***** EXERCISE DATA

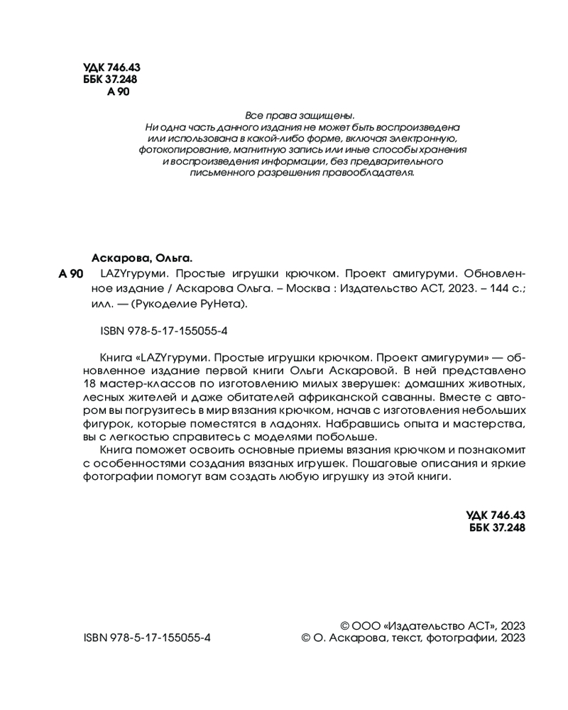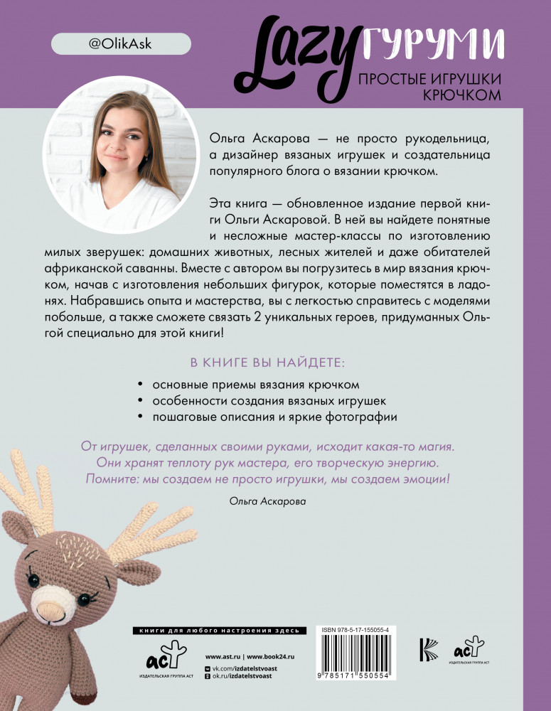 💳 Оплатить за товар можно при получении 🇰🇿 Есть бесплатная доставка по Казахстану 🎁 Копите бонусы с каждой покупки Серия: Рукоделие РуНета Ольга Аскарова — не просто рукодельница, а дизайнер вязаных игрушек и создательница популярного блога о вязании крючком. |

**********
***** EXERCISE DATA

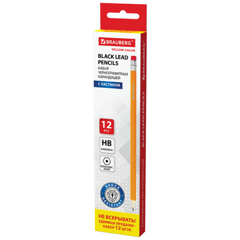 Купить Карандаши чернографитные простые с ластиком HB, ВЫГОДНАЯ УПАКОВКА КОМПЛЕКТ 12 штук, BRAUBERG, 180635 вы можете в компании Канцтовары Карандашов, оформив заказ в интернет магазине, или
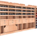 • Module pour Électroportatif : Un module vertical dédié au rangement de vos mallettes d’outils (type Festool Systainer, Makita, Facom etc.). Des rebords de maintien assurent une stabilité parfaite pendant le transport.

**********

Among the entries above, take the line with "Купить Карандаши чернографитные", the line with "pendant le transport.", and all the lines between them, and restate them word for word without pictures.

> _ANSWER SPACE_
 Купить Карандаши чернографитные простые с ластиком HB, ВЫГОДНАЯ УПАКОВКА КОМПЛЕКТ 12 штук, BRAUBERG, 180635 вы можете в компании Канцтовары Карандашов, оформив заказ в интернет магазине, или
 • Module pour Électroportatif : Un module vertical dédié au rangement de vos mallettes d’outils (type Festool Systainer, Makita, Facom etc.). Des rebords de maintien assurent une stabilité parfaite pendant le transport.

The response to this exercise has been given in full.